Но в чем осечка, беда, — продолжала голова свое. Ты не имел понятия, с какой стороны подойти к этому «высокому». Просто грезилось, желалось, думалось: выучишься, повзрослеешь, уедешь в город… А там уж, казалось, и наступит настоящая, истинная жизнь, найдется применение силам. Подсказать, подтолкнуть было некому. Необщительный по природе, ты, лелея тайные мысли, еще пуще замыкался. За все детство был у тебя, пожалуй, всего один друг. Тезка, Колька Мишарин. Почти весь пятый класс вы вместе собирали радиоприемник на аккумуляторном питании. И не собрали. Распалась дружба из-за пустяка. Был сибирский морозный день, вы возвращались из школы. «Понеси мою сумку, — попросил Колька, руки мерзнут, не могу». Ты взял и понес. Теперь нельзя было менять руки, греть поочередно в кармане, обе были заняты. Дошли до мишаринского дома. «Ну, как руки, задубели? — спросил он. И громко рассмеялся. — А у меня вот они, тепленькие». Он вытащил руки из карманов и наглядно пошевелил пальцами в варежках. Ты от обиды не сказал ему ни слова, повернулся и ушел. И потом Колька Мишарин как ни пытался с тобой заговорить, наладить отношения, ты отвечал коротко, сухо и отворачивался — не мог простить, точнее, не мог просто смотреть ему в глаза. Наконец закончил семилетку, приехал в долгожданный город. Но и тут, в городе, люди были заняты теми же заботами, что и в деревне: добыванием средств, бытом… И ты опять оказался в стороне. Бросался в общественные дела, выполнял поручения. Но что-то внутри постоянно одергивало: не важно это для тебя, не нужно, и живешь так согласно давно сложившимся представлениям — это хорошо, положительно.

— …Раньше работал, счас гуляю, как ни живи — все равно! — четко донеслись слова Майорова. — Жизнь, она как шла, так и будет идти, сколько б ни кричали, ни говорили. Все помрем. Никто не знает, как жить! Сколько книг прочел — никто не знает! Все по-своему с ума сходят! Бабами себя дурманят, наркотиками всякими! Машины покупают, золото, хрустали — на хрена это надо! Ум-то, он в наказание, в наказание! Вот его и туманят всякими путями. Испокон веку все только и стремятся одуреть. А лучше по-простому — поднимай!.. Пей, и капут делов.

…Да, прав Майоров, замер стакан в руке у Николая. Куда ни направляй свою жизнь, энергию — вверх, вниз — все равно природа распорядится по-своему. Майоров всю жизнь отшибал себе ум, а ты старался его высветлить — теперь вместе. Впрочем, не лги себе, Николай. Если направленность человеческой жизни не имеет значения, что же тогда тебя мучает, гнетет?
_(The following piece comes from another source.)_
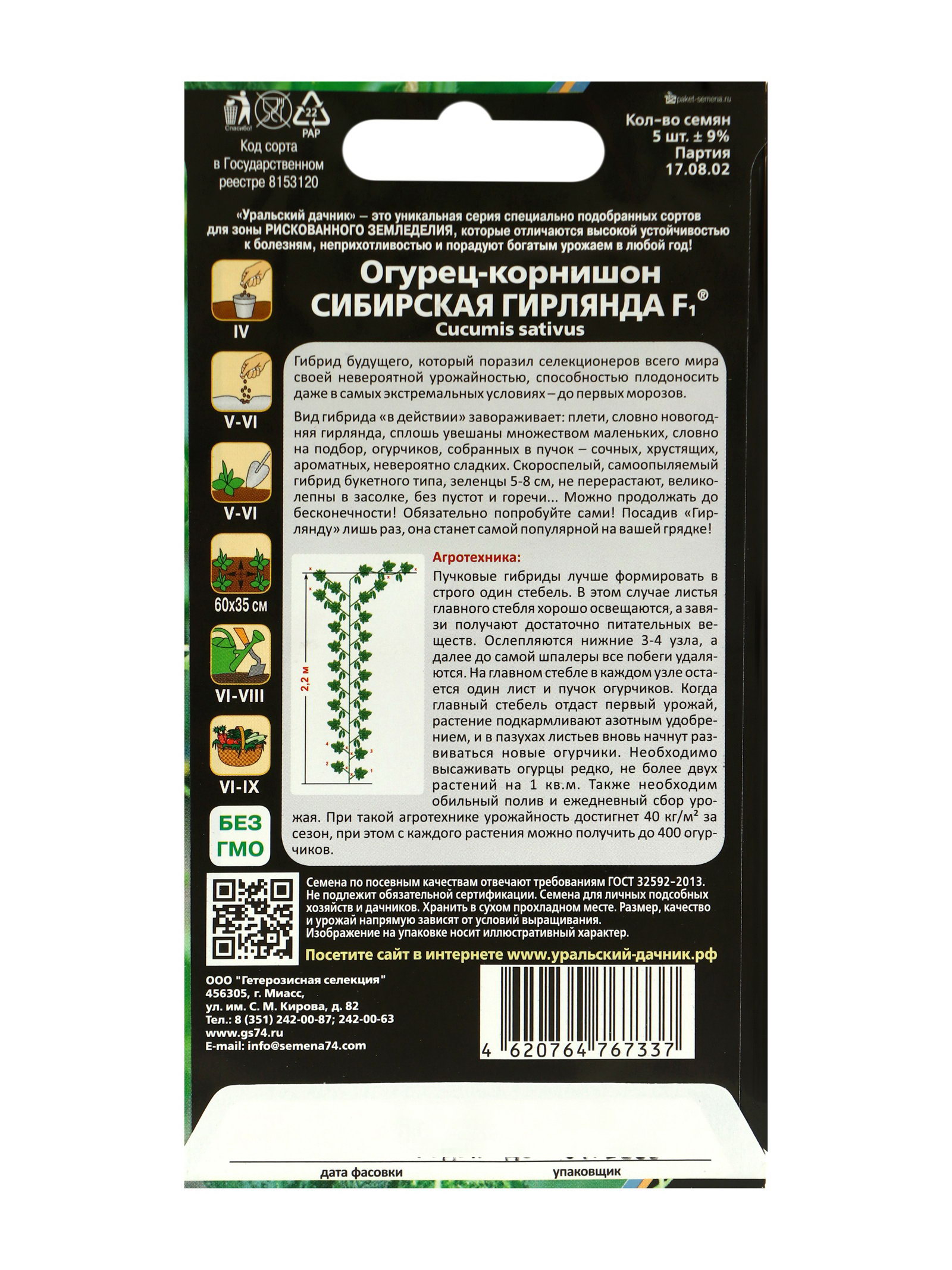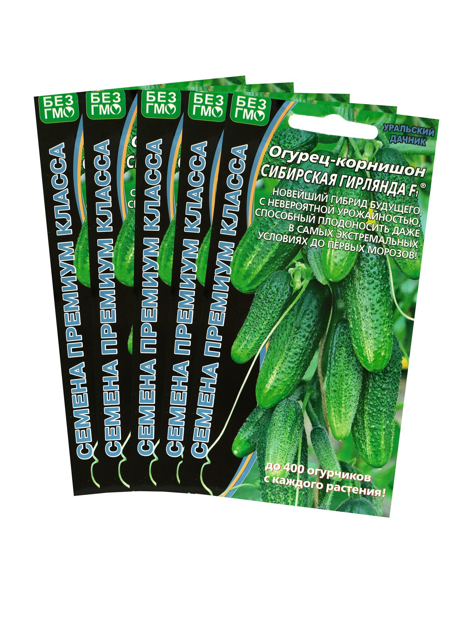 Семена Огурец "Сибирская Гирлянда" F1 скороспелый, партенокарпический, набор 5 шт, Мой выбор, Россия

Живи куда несет, но тебе такая жизнь тягостна. А если бы раньше ты четко понял хотя бы это — ты одиночка. У тебя есть, есть настоящий, довольно редкий талант: способность к уединенной работе. Ты же действительно рожден для высокого служения делу, но не нашел его. И где-то, может, плачет по тебе большое свершение, крупное открытие. Ты проморгал себя! Но неужто все, поздно?!

— …Слушай стихи мои, мои стихи! — тенью прыгал Толька. — Чуйский тракт я изъездил до дыр… Ых! — деранул он свой чуб. — А теперь отъездил! Отъездил! И хрен с ним! Все рулем. «А мы с милашечкой сидели-и да возле нашего пруда-а…» Ну что, капут делов, кончилось? — Толька вылил последнее в стаканы. — Ну что, слава богу, грех жаловаться, все путем, посидели, поговорили…

Майоров, прижимая локтем припрятанную под мышкой бутылку, убежал в свою половину дома. Сунул бутылку под матрас — припас на вечер. Во внезапном порыве тоски и ясно вспыхнувшей памяти схватил тетрадный лист, пробуровил карандашом по бумаге: «Стихла жара. Кони в поле пасутся». Сломался грифель. Толька скомкал лист, бросил, вскочил — и снова вперед, к дверям. Навстречу с тяжелой сумкой шагнула Мария. А за ней, тыкаясь в сумку мордами, собачья свора.

— У, Маша! Я сегодня уголь маленько потаскал, — невинно развел руками Майоров. — Счас собрался огород поливать. Все по уму.